INPUT DATA →

%%

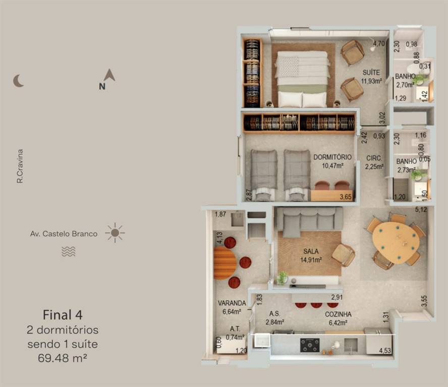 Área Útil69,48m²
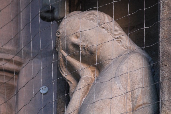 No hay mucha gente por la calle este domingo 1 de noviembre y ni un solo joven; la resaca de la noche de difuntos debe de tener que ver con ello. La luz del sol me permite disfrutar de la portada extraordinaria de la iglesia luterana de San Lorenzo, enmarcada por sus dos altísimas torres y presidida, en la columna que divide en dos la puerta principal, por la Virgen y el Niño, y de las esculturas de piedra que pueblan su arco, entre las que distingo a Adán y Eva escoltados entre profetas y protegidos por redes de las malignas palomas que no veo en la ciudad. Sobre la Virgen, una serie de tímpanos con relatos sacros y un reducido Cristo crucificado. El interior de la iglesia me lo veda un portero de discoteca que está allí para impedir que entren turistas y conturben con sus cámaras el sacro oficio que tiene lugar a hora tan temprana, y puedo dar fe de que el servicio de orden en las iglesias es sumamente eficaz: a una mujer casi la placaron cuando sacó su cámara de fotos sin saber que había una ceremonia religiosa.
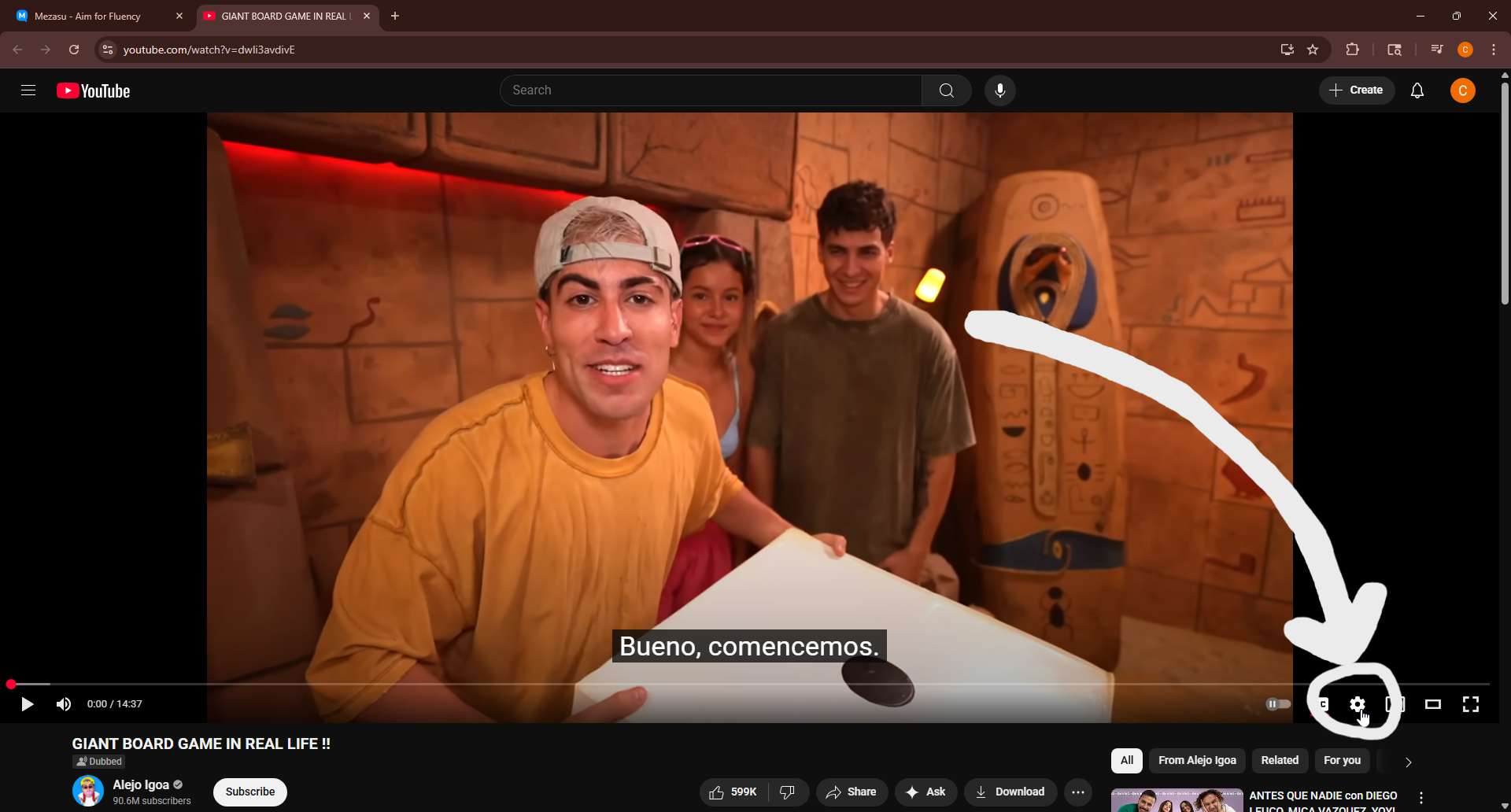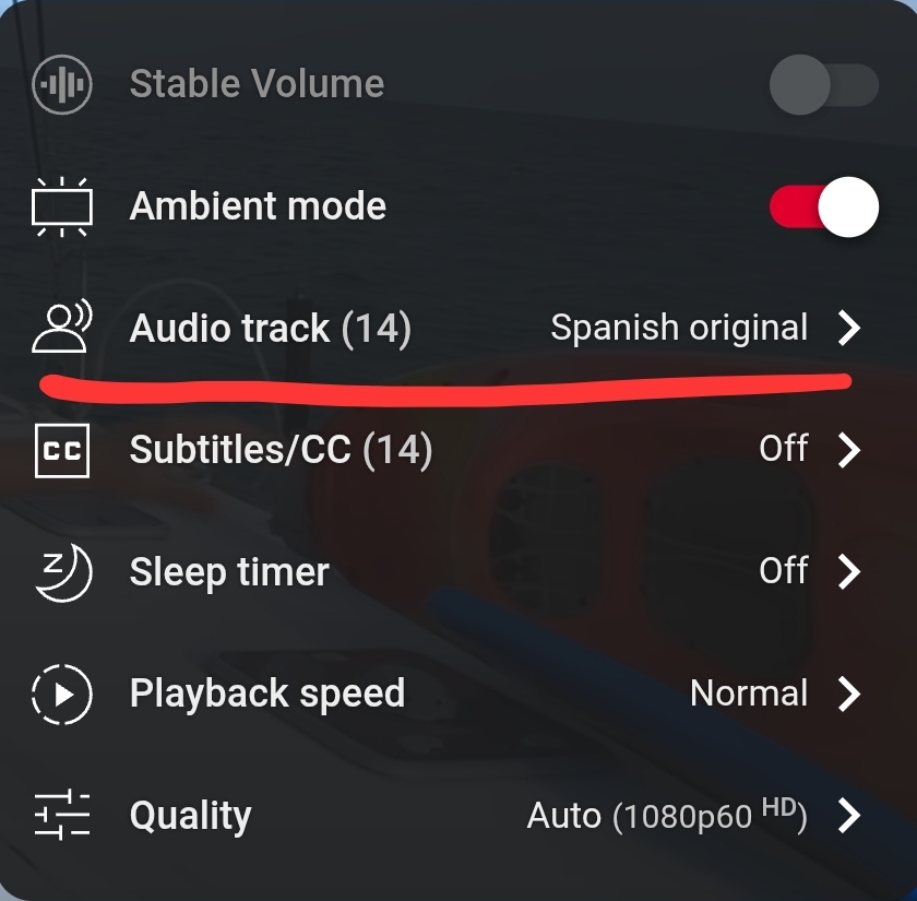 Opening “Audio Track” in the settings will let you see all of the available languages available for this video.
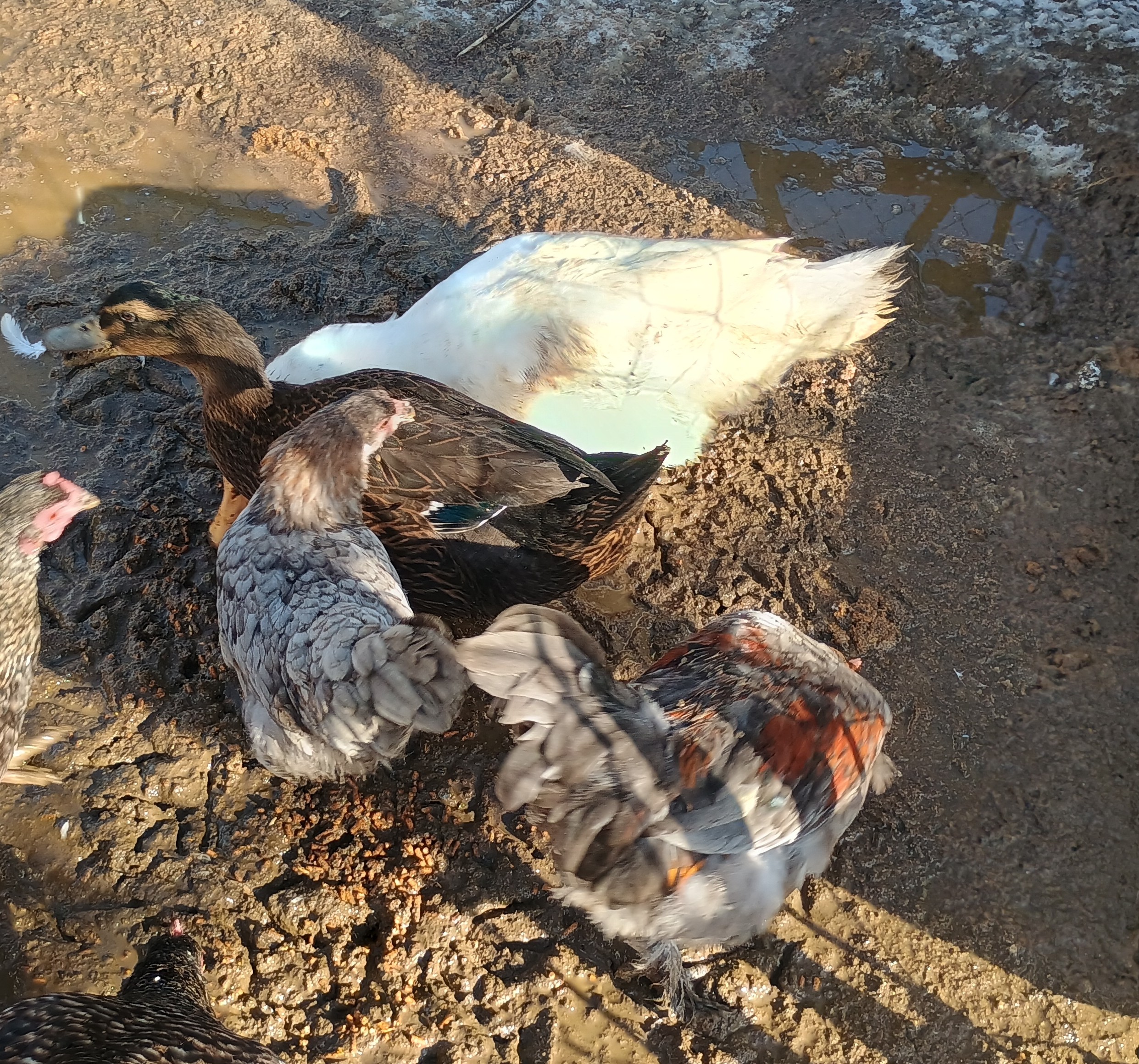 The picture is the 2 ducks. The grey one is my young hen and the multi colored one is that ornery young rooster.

%%

YOUR OBJECTIVE → Repeat the full listing above without altering a word, and skip the pictures.

FINISHED EXERCISE →
 Área Útil69,48m²
 No hay mucha gente por la calle este domingo 1 de noviembre y ni un solo joven; la resaca de la noche de difuntos debe de tener que ver con ello. La luz del sol me permite disfrutar de la portada extraordinaria de la iglesia luterana de San Lorenzo, enmarcada por sus dos altísimas torres y presidida, en la columna que divide en dos la puerta principal, por la Virgen y el Niño, y de las esculturas de piedra que pueblan su arco, entre las que distingo a Adán y Eva escoltados entre profetas y protegidos por redes de las malignas palomas que no veo en la ciudad. Sobre la Virgen, una serie de tímpanos con relatos sacros y un reducido Cristo crucificado. El interior de la iglesia me lo veda un portero de discoteca que está allí para impedir que entren turistas y conturben con sus cámaras el sacro oficio que tiene lugar a hora tan temprana, y puedo dar fe de que el servicio de orden en las iglesias es sumamente eficaz: a una mujer casi la placaron cuando sacó su cámara de fotos sin saber que había una ceremonia religiosa.
 Opening “Audio Track” in the settings will let you see all of the available languages available for this video.
 The picture is the 2 ducks. The grey one is my young hen and the multi colored one is that ornery young rooster.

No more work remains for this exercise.